Data analytics has become an essential tool in the field of compliance and risk management. It allows compliance officers to assess the effectiveness of their programs and identify potential risks before they escalate into major issues. In a recent episode of the podcast “Compliance into the Weeds,” Tom Fox and Matt Kelly, discussed not only the importance of having data analytics in a compliance program but actually using the data in a risk management strategy.
The Consumer Financial Protection Bureau (CFPB) recently fined Bank of America $12 million for mishandling data analytics, specifically around accurate data about home mortgage applications. The bank had all the necessary data to assess its compliance risks, but it failed to maintain continuous monitoring, leading to compliance issues. This case serves as a reminder of the need for ongoing data analysis for proactive risk management.
The CFPB found that Bank of America violated the Home Mortgage Disclosure Act, a law on the around since the time I graduated from High School, that being 1975. The law itself requires mortgage lenders to collect demographic data about home loan applicants and report that data to various federal agencies. Bank of America settled the matter without admitting nor denying the allegation and agreed to the aforementioned $12 million fine.
As Matt noted in his Radical Compliance blog post, “Dig into the details of the settlement order, and you can see how data analytics, auditing, and monitoring all play a crucial role in assuring compliance with a regulation like this. Given that so many other business sectors have similar obligations to collect and report lots of data to regulators, maybe this case isn’t so obscure after all.”
The enforcement action drives home the clear lesson that data analytics is not a one-time tool to determine violations or identify risks. It should be used as a monitoring device that runs continuously to provide early warnings when risks enter the red zone. Bank of America’s mistake was treating data analytics as a one-time solution to a problem, rather than a long-term monitoring tool.

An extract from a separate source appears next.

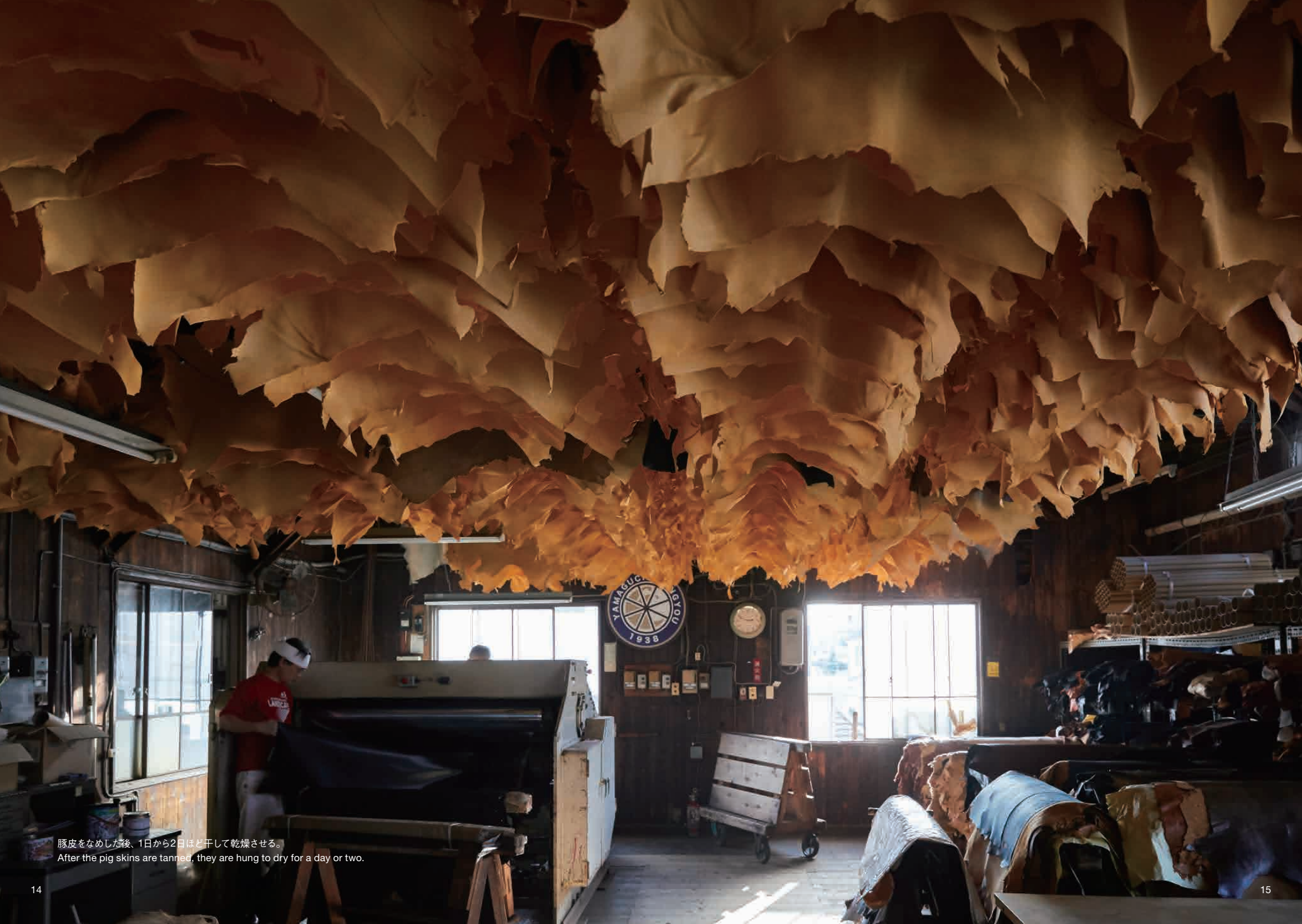
豚皮をなめした後、1日から2日ほど干して乾燥させる。 After the pig skins are tanned, they are hung to dry for a day or two.
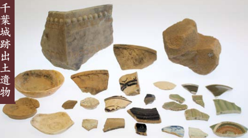
千葉城跡出土遺物

They implemented analytics in 2013, found the error, introduced a control to correct it, and then switched it off when the problem seemed to be solved. However, the problem recurred, leading to the CFPB penalty.
As noted, is the high level of importance around surveillance and monitoring in the banking and financial services industry. These sectors have extensive monitoring and surveillance practices, recording every email and phone call to prevent improper messaging and manage risk. While this level of monitoring may seem draconian to other industries, it has proven effective in ensuring compliance and preventing fraud in those arenas.
The Bank of America case demonstrates that compliance officers often already have the necessary data for analysis; they just need to identify which information to study. In this case, the bank had all the data it needed to assess the compliance risk of information not provided in home loan applications. They implemented a monthly report to crack down on the abuse, resulting in a significant drop in the information not provided group. However, when they ceased the report in 2016, the rate started to increase again, ultimately leading to the violation and penalty.
The use of data analytics to monitor the effectiveness of controls was also a key lesson from the enforcement action. When Bank of America instituted monitoring to determine who was filling out the reports, they obtained significant information and saw a drop in the information not provided group. This strategy raises the stakes around the question of whether being watched or monitored can influence individuals to follow controls and do the right thing.
Data analytics should not only be used to analyze the effectiveness of compliance programs but also to analyze overall activity within an organization to identify compliance risks. Compliance officers should strive for analytics that run continuously, providing insights into the state of affairs over the long term. This approach allows for early detection of risks and enables business units to manage their own risks effectively.
The Bank of America case serves as a valuable lesson for compliance officers in any industry. It highlights the importance of ongoing data analysis, continuous monitoring, and the need to consider data analytics as a long-term risk management tool. By leveraging data analytics effectively, organizations can proactively identify and mitigate compliance risks, ultimately avoiding costly penalties and reputational damage.
Data analytics plays a crucial role in compliance and risk management. It enables compliance officers to assess program effectiveness, identify potential risks, and monitor activities for early warnings. The Bank of America case underscores the importance of continuous data analysis and monitoring in proactive risk management. By embracing data analytics as a long-term risk management tool, organizations can enhance their compliance efforts and safeguard against potential violations.